Objective: Adiponutrin is a new transmembrane protein specifically expressed in adipose tissue. In obese subjects, short- or long-term calorie restriction diets were associated with a reduction in adiponutrin gene expression. Adiponut.rin mRNA level was previously shown to be negatively correlated with fasting glucose plasma levels and associated with insulin sensitivity of non-diabetic obese and non-obese subjects. The purpose of the present work was to get more insight into the regulation of adiponutrin gene expression by insulin and/or glucose using clamp studies and to examine its potential dysregulation in subjects with a deterioration of glucose homeostasis.

Methods: Adiponutrin gene expression was quantified by reverse transcriptase-quantitative PCR in s.c. adipose tissue of healthy lean subjects after an euglycemic hyperinsulinemic clamp (EGHI), a hyperglycemic euinsulinemic clamp, and a hyperglycemic hyperinsulinemic (HGHI) clamp. Adiponutrin gene expression was also analyzed in patients with different levels of insulin resistance.

Results: During EGHI, insulin infusion induced adiponutrin gene expression 8.4-fold (P = 0.008). Its expression was also induced by glucose infusion, although to a lesser extend (2.2-fold, P = 0.03). Infusion of both insulin and glucose (HGHI) had an additive effect on the adiponutrin expression (tenfold, P = 0.008). In a pathological context, adiponutrin gene was highly expressed in the adipose tissue of type-1 diabetic patients with chronic hyperglycemia compared with healthy subjects. Conversely, adiponutrin gene expression was significantly reduced in type-2 diabetics (P = 0.01), but remained moderately regulated in these patients after the EGHI clamp (2.5-fold increased).

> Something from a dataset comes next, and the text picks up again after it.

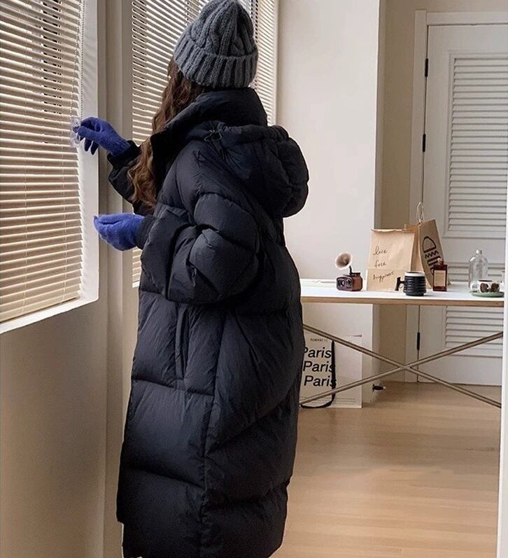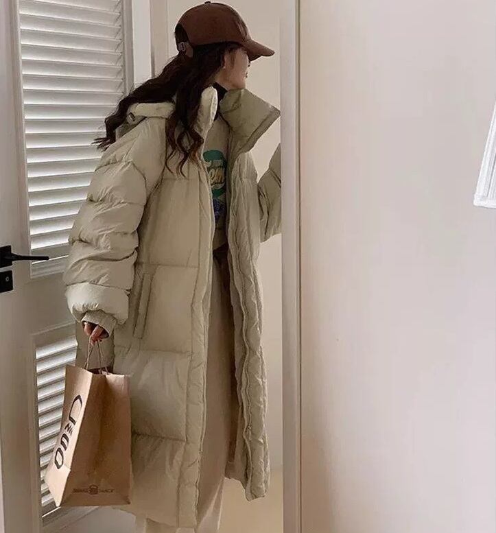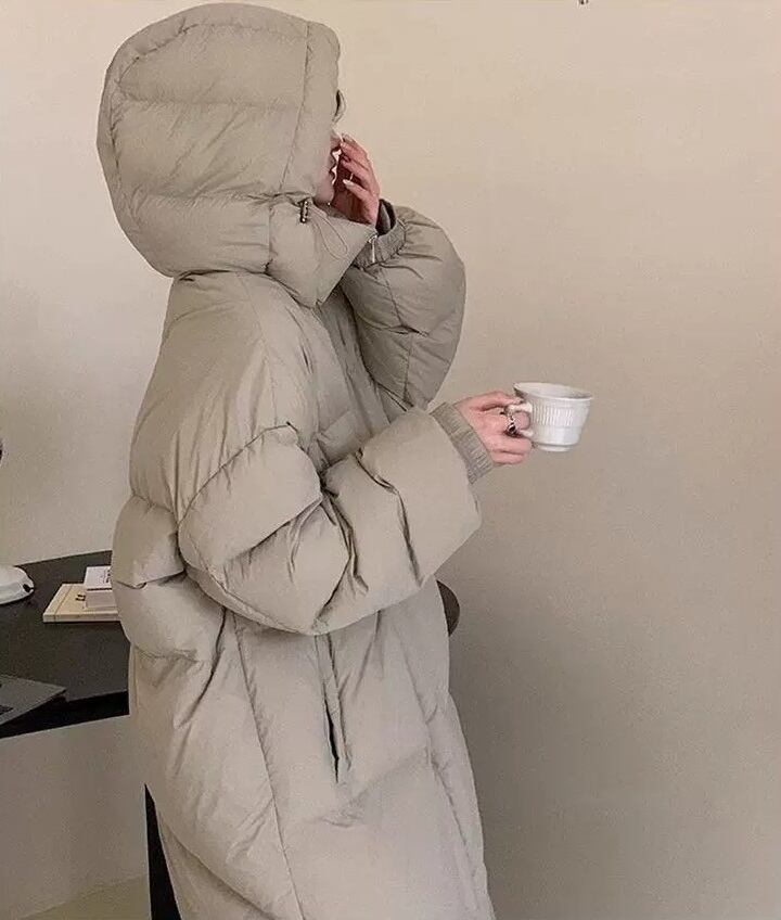 おしゃれで快適な「立ち襟 フード付き ロング丈 ダウンジャケット コート」のご紹介です!このジャケットは、大人可愛いシンプルなデザインが特徴で、春、秋、冬の季節を通じて様々なシーンで活躍します。通勤や学校、デート、お出かけ、旅行など、安心して着用できるアイテムです。

Conclusion: These results suggest a strong relationship between adiponutrin expression, insulin sensitivity, and glucose metabolism in human adipose tissue.

	Introduction

Top Abstract Introduction Materials and methods Results Discussion References

 
Adipose tissue plays a central role in the regulation of metabolic homeostasis via its dual role as an energy storage and endocrine organ. Indeed, fat cells produce and secrete a number of endocrine and paracrine factors, called adipokines (such as leptin and adiponectin), which profoundly influence metabolism, energy expenditure, and insulin sensitivity (1). Many unsecreted proteins are also expressed in adipose tissue (2), but a lot remains to be identified regarding their role in metabolism.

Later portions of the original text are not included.